Ayayayayaye cette affaire de kanaval mawon! Mi bab mi!
Avant de commencer j’aimerais clarifier certaines choses afin d’éviter tout malentendu qui entacherait la compréhension de cet article:
– non je ne prendrai pas la défense des carnavaliers mawon.
– oui je comprends tout à fait les gens qui ne sont pas d’accord avec cette affaire de vidé an pyjama, de vidé en père Noel…
– non je ne participe pas à ces événements festifs, je reste tranquillement chez moi, je suis une no life.
Même si j’avoue que ça va me manquer de pas pouvoir chanter « embouteillage gwo lolo » cette année…
Le but de cet article est simplement d’essayer d’apporter d’autres pistes de réflexions sur ce sujet brûlant!
En effet, depuis le mois de novembre et le “vidé des pères Noel”, et à l’approche du carnaval, une vague de « vidé mawon » s’empare de l’île. Les choses prennent des proportions telles, que le préfet (source inépuisable d’inspirations de chansons) a prévu de « bandé bagay la »...
Bien évidemment les vidéos de ces manifestations font le buzz et suscitent des réactions contrastées:
– L’amusement “ah fout sé boug la ni toupé!!”
– Le soutien « yo fout ni rézon kité nou viv la vi nou! »
– La désapprobation « ils ne respectent rien ni personne. »
Chez ce dernier groupe, deux types de commentaires, dominent:
1) « On aura une vague de contaminations et on va encore nous reconfiner à cause de ces gens là »

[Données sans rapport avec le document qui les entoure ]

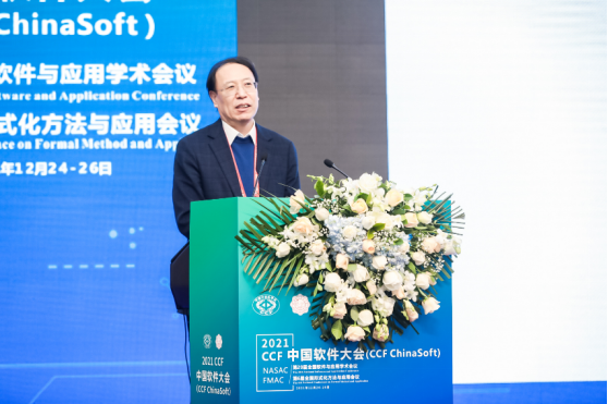 (通讯员 徐悦甡,李悦辰,崔笛)经过了12月24日与25日精彩纷呈的大会各论坛活动后,12月26日2021 CCF中国软件大会(CCFChinaSoft)在北京友谊宾馆线下开幕,并通过线上直播平台与B站全程直播。受原会议举办地陕西省西安市新冠疫情重大变故的影响,大会组委会对本届会议的举行方式进行了调整,3天的大会活动安排为,12月24-25日通过线上的方式进行各分论坛,12月26日在北京友谊宾馆设立线下会场,包括开/闭幕式、院士特邀报告、NASAC青年创新奖报告、第四届中国软件开源创新大赛颁奖等活动。9位中国科学院院士、中国工程院院士(林惠民、梅宏、吕建、廖湘科、杨孟飞、王怀民、冯登国、孙凝辉、钱德沛)与200余位代表线下参加了大会,其余代表与观众线上参会。26日在线直播平台全天在线人数超过7万人次。

2) « Le martiniquais quand c’est pour se battre pour vrais sujets, y’a personne, mais quand c’est pour faire la fête yo la! »
Et tu vois, à force de lire ça, j’étais obligée de me questionner.

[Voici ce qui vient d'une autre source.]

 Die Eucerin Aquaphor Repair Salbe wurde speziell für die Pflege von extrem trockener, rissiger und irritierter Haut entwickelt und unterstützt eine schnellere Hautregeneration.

A la première réflexion, franchement je dis joker.
Alors non, en effet, c’est pas bien de faire des rassemblements dans la rue en pleine pandémie.
Mais bon honnêtement, depuis novembre, j’ai pas entendu parler d’augmentation des hospitalisations et des décès non plus.
Y a t-il eu une corrélation entre « vidé mawon » et hausses des cas de covid19?… Pas que je sache hein (dis moi si je me trompe)…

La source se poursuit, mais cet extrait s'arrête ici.